SUPPLIED MATERIAL:
****************************************

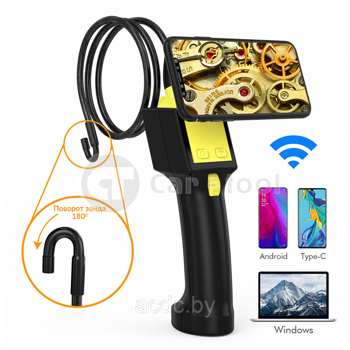 iCartool IC-V8051W управляемый видеоэндоскоп с поворотной камерой на 180°. Эндоскоп оснащен полужестким зондом диаметром 8,5 мм и длиною 0,8 метра. Для крепления телефона используется магнитная площадка. Широкий угол обзора 70° обеспечивает прекрасный обзор. В комплект входит многофункциональный USB кабель, при помощи которого можно подключить эндоскоп к различным устройствам с ОС Android/Windows/Mac.
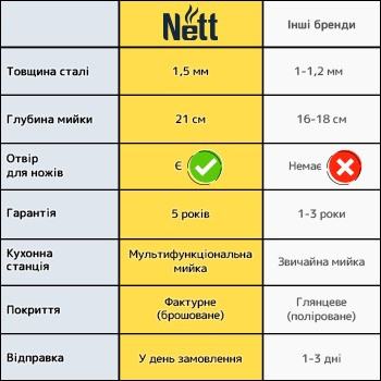 Унікальна особливість нашої мийки – вбудовані отвори для ножів. Тепер вам не доведеться купувати окремі підставки та піклуватися про чистоту вашої робочої поверхні.
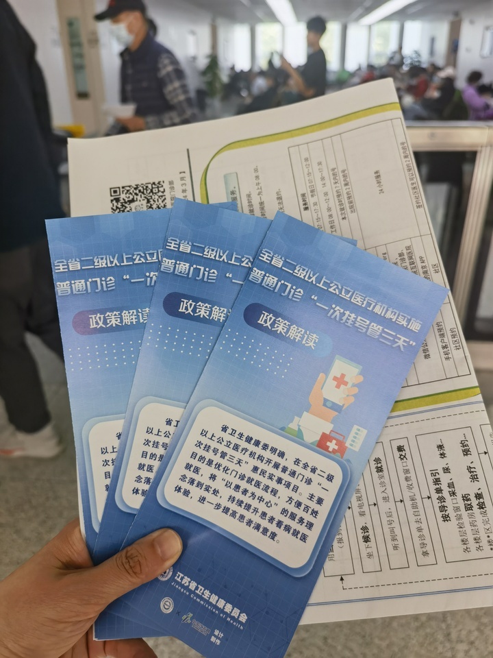 近日,江苏省二级以上公立医疗机构开展普通门诊“一次挂号管三天”惠民实事项目。这意味着,患者到省内二级以上公立医疗机构挂普通门诊号就诊时,如因检验或检查当天不能完成或者不能获取报告,尚未完成诊疗,三天内可携带报告结果到同一医院的同一院区、同一科室复诊,无需再次挂号,享受免缴普通门诊诊察费(挂号费)政策。

****************************************

When a picture appears in the material, please pass over it while retyping the rest exactly.

 iCartool IC-V8051W управляемый видеоэндоскоп с поворотной камерой на 180°. Эндоскоп оснащен полужестким зондом диаметром 8,5 мм и длиною 0,8 метра. Для крепления телефона используется магнитная площадка. Широкий угол обзора 70° обеспечивает прекрасный обзор. В комплект входит многофункциональный USB кабель, при помощи которого можно подключить эндоскоп к различным устройствам с ОС Android/Windows/Mac.
 Унікальна особливість нашої мийки – вбудовані отвори для ножів. Тепер вам не доведеться купувати окремі підставки та піклуватися про чистоту вашої робочої поверхні.
 近日,江苏省二级以上公立医疗机构开展普通门诊“一次挂号管三天”惠民实事项目。这意味着,患者到省内二级以上公立医疗机构挂普通门诊号就诊时,如因检验或检查当天不能完成或者不能获取报告,尚未完成诊疗,三天内可携带报告结果到同一医院的同一院区、同一科室复诊,无需再次挂号,享受免缴普通门诊诊察费(挂号费)政策。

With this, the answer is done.